**EXERCISE DIRECTIONS:**
Beginning with the line that includes "レセプションカウンターはモールテックスで仕上げ。" and ending with the last line of the entries below, set down each line exactly; include no pictures.

**DATA PROVIDED:**
☆ ☆ ☆

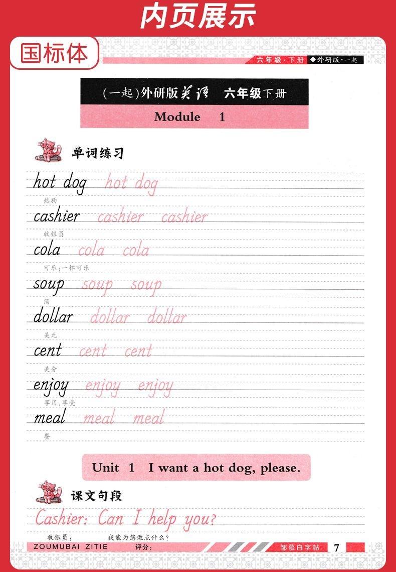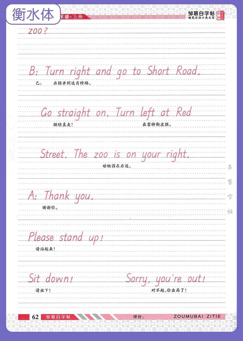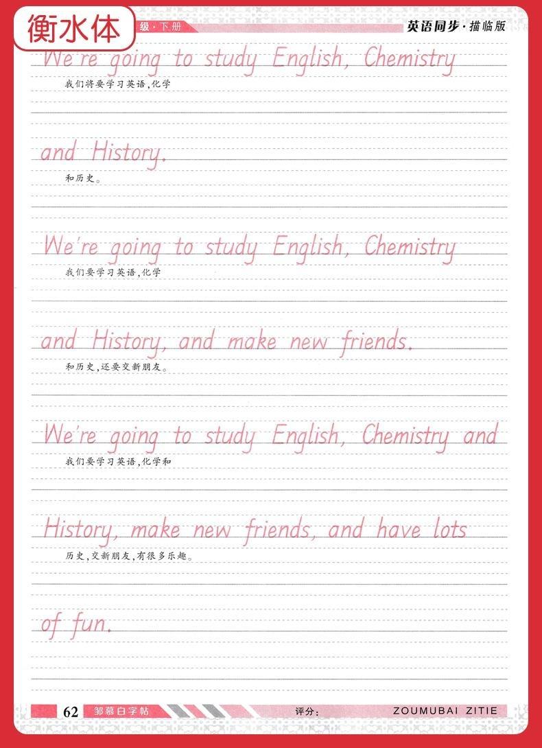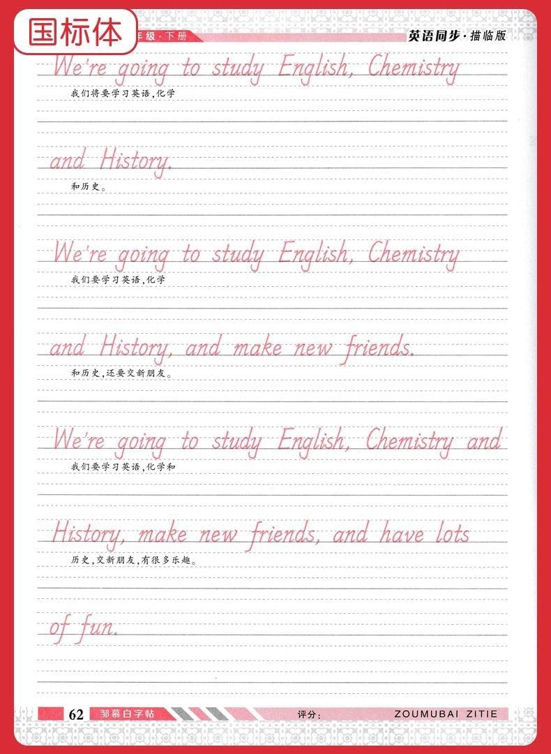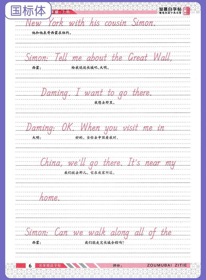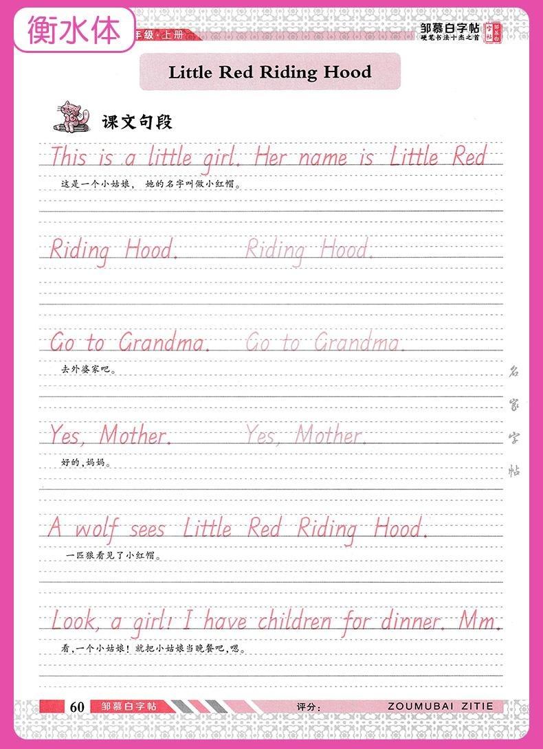 Versão de pesquisa estrangeira Zou Mubai prática inglesa 123456 grau copybook síncrono Hengshui pintura corporal desenho vermelho versão temporária copybook para a prática
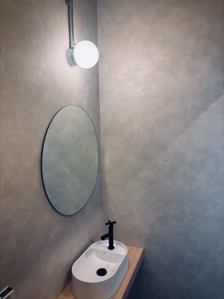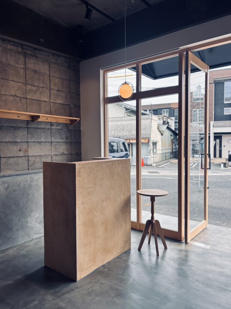 レセプションカウンターはモールテックスで仕上げ。
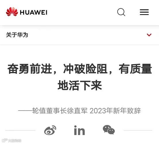 12月30日,华为轮值董事长徐直军发表公司2023年新年致辞《奋勇前进,冲破险阻,有质量地活下来》。
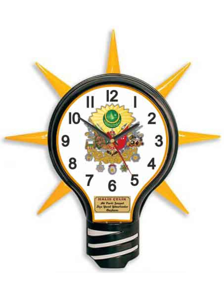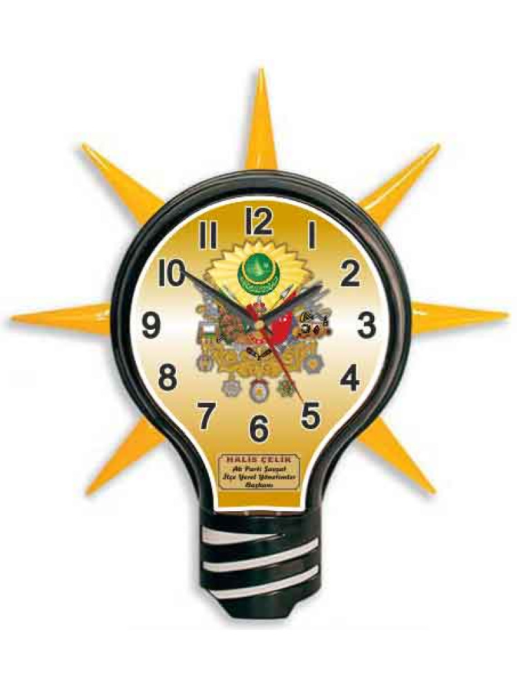 Ampul şeklinde osmanlı arması resimli dekoratif ampul duvar saatini, akp reklamı amacıyla parti odası, ofis ve makam odası için en güzel duvar saati olarak satın alabilirsiniz.
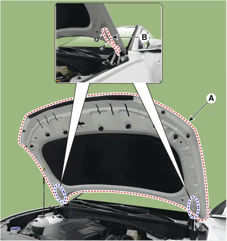 1.After loosening the hood hinge (B) mounting bolts, remove the hood assembly (A).

☆ ☆ ☆

**ANSWER TO THIS TASK:**
 レセプションカウンターはモールテックスで仕上げ。
 12月30日,华为轮值董事长徐直军发表公司2023年新年致辞《奋勇前进,冲破险阻,有质量地活下来》。
 Ampul şeklinde osmanlı arması resimli dekoratif ampul duvar saatini, akp reklamı amacıyla parti odası, ofis ve makam odası için en güzel duvar saati olarak satın alabilirsiniz.
 1.After loosening the hood hinge (B) mounting bolts, remove the hood assembly (A).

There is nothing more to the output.